Critical
Review
Pendidikan Multikulturalisme Jembatan
Persatuan Bangsa
Salah
satu tujuan dari pendidikan dasar adalah untuk memberikan siswa dengan
keterampilan dasar untuk mengembangkan kehidupan mereka sebagai individu,
anggota masyarakat, dan warga negara. Keterampilan dasar ini juga merupakan
dasar untuk pendidikan lebih lanjut. Begitulah penggalan kalimat yang di
tuliskan penulis dalam artikelnya yang berjudul Wacana kelas untuk mendorong kerukunan beragama.
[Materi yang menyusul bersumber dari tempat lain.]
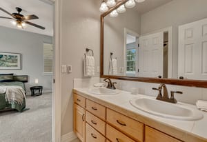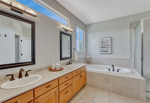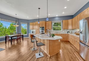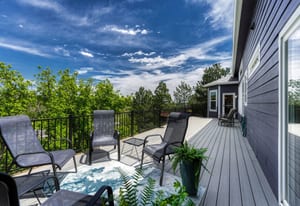 Nestled among the pines of Castle Pines, this 4-bedroom home blends charm and function. Soaring ceilings and a signed custom light fixture make a striking first impression. The main floor boasts a private primary suite with direct access to the expansive deck. In addition the main floor has formal dining room large enough for a 12 person table, cozy reading nook, and an open-concept family room/kitchen. Upstairs offers three spacious bedrooms—one ensuite, two with a Jack-and-Jill bath—plus a versatile loft.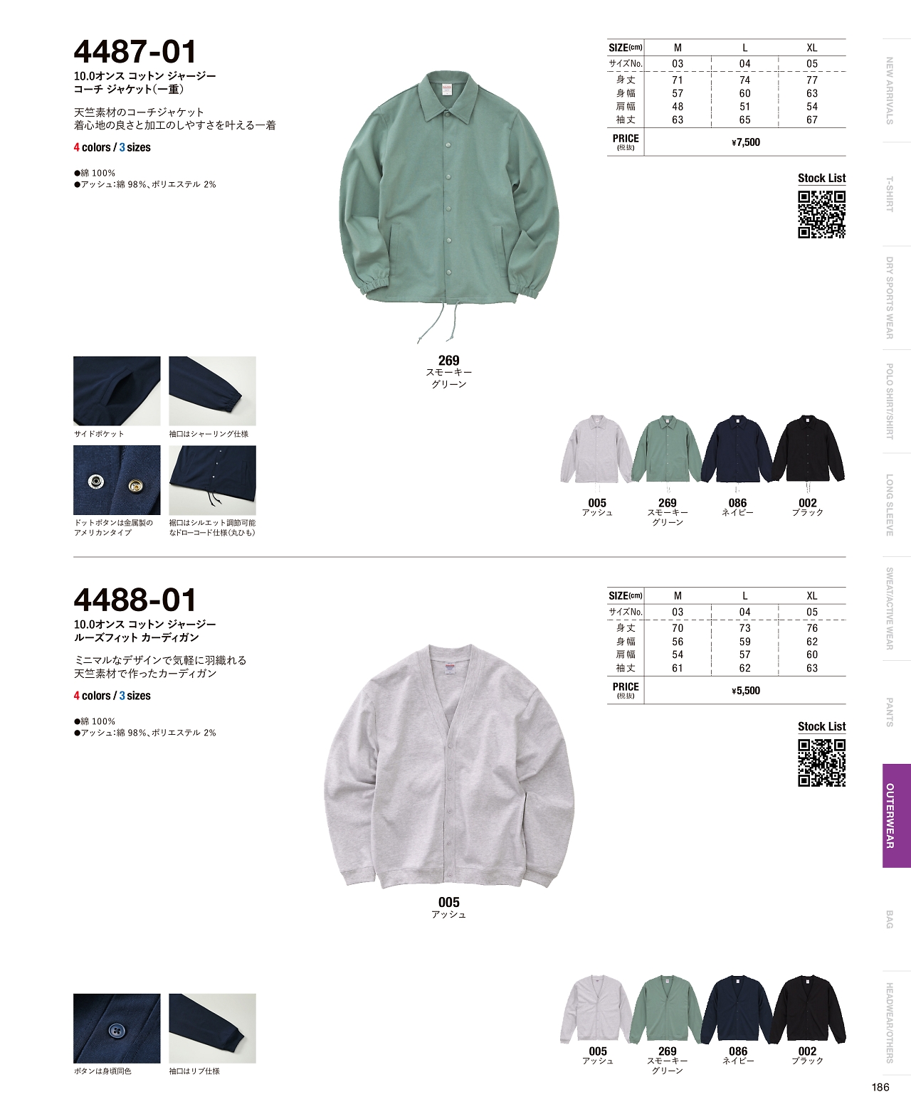 10.0オンスコットンジャージールーズフィットカーディガン 4488-01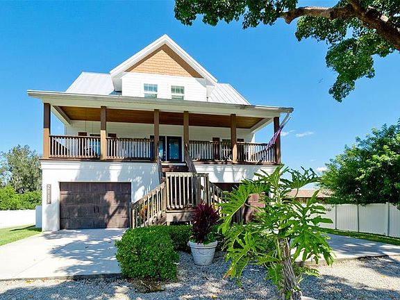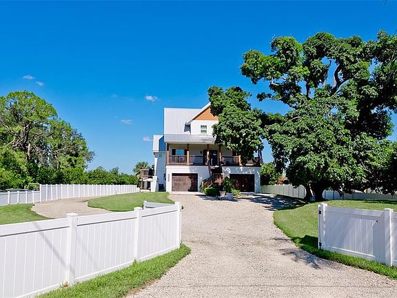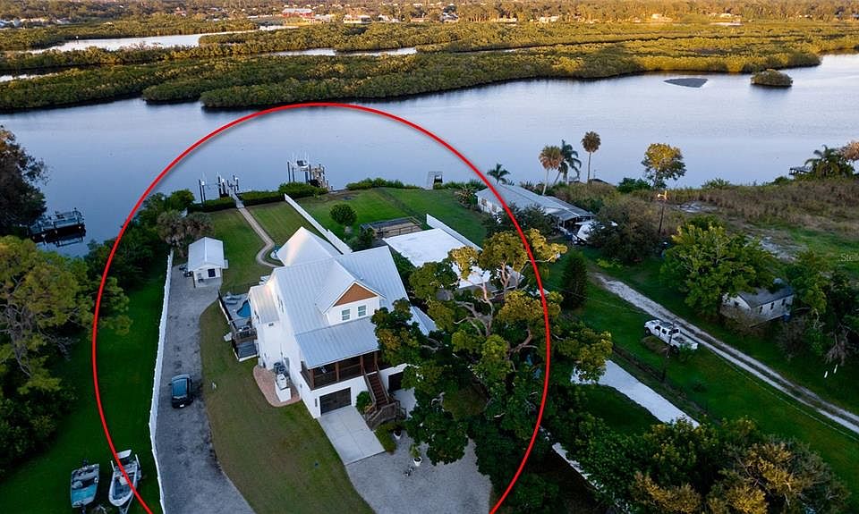Welcome to this stunning 3-story oasis, perfectly perched on .73 acres, overlooking serene nature islands and offering breathtaking sunrises. This exceptional property features a boat dock with a 10,000-pound lift and a floating jet ski dock, making it a water lover's paradise. Enjoy a lagoon-style heated pool with a spa and a dedicated storage house for pool toys and boat equipment—all without HOA or CDD fees! The meticulously designed interior boasts 9-foot ceilings throughout, with a ground level featuring a completely surrounded concrete block room that can have many uses such as workshop, storage or for safety in case of storms. Don't forget a sauna and a spacious 3-car garage and a home fitness area. Step onto the expansive front and rear decks on the second level, complete with a barbeque deck hooked up to a 500-gallon propane tank that fuels one of two cozy fire pits. The open floor plan highlights a modern kitchen with white shaker soft-close cabinets and a stunning granite island, flowing seamlessly into the living and dining areas. The primary bedroom offers custom wood moldings, an en-suite bathroom with a luxurious 6x5 walk-in shower, double sinks, and quartz countertops. The third floor hosts two additional bedrooms, each with walk-in closets—one also featuring a bonus space perfect for an office or nursery. Additional highlights include dual AC units, a beautiful iron and wood staircase, and thoughtfully designed outdoor spaces with cypress ceilings. Spot dolphins, manatees, and various bird species right from your home! With a whole house generator and every inch of this home crafted with intention, this property is a true testament to luxurious living. Don’t miss out on this unparalleled waterfront gem!

Dari judul yang
diberikan penulis saya mengidentifikasikan bahwasanya kerukunan atau toleransi
kepada sesama manusia hendaknya diterapkan sejak dini yaitu pada tingkat dasar dengan
pendidikan multikultural karena masalah sosial kerap kali terjadi seperti
tawuran pelajar, bentrokan pemuda, dan bentuk lain dari radikalisme di seluruh
Indonesia adalah indikasi dari penyakit sosial. Oleh karena itu peran pendidik
sangat penting untuk menciptakan generasi berikutnya yang lebih baik dan
demokratis.
Ada
beberapa masalah sosial yang sangat disoroti dalam wacana ini, seperti
kesenjangan sosial dan ketidakharmonisan agama, seperti konflik antar etnis dan
agama besar yang terjadi di daerah Sambas (2008), Ambon (2009), Papua (2010),
dan singkawang (2010). Penulis bertujuan dengan adanya wacana kelas untuk
mendorong kerukunan atau toleransi diharapkan dapat efektif untuk mengatasi
masalah sosial yang terjadi di dalam tubuh Indonesia.
Banyaknya
konflik yang terjadi di Indonesia, yaitu kurangnya semata-mata kepekaan dan
rasa hormat terhadap orang lain dari kelompok yang berbeda. Oleh karena itu
banyak timbul konflik-konflik yang dilatar belakangi oleh perbedaan budaya,
bahkan menyerempet ke hal yang sensitif yaitu persoalan SARA. Seperti yang di
tulis dalam buku Kebudayaan dan
Masyarakat Madani Indonesia, Strategi Reformasi Pendidikan Nasioanl. yang terjadi pada konflik (sambas).
Kalimantan barat adalah daerah yang kerap mengalami konflik antar etnis.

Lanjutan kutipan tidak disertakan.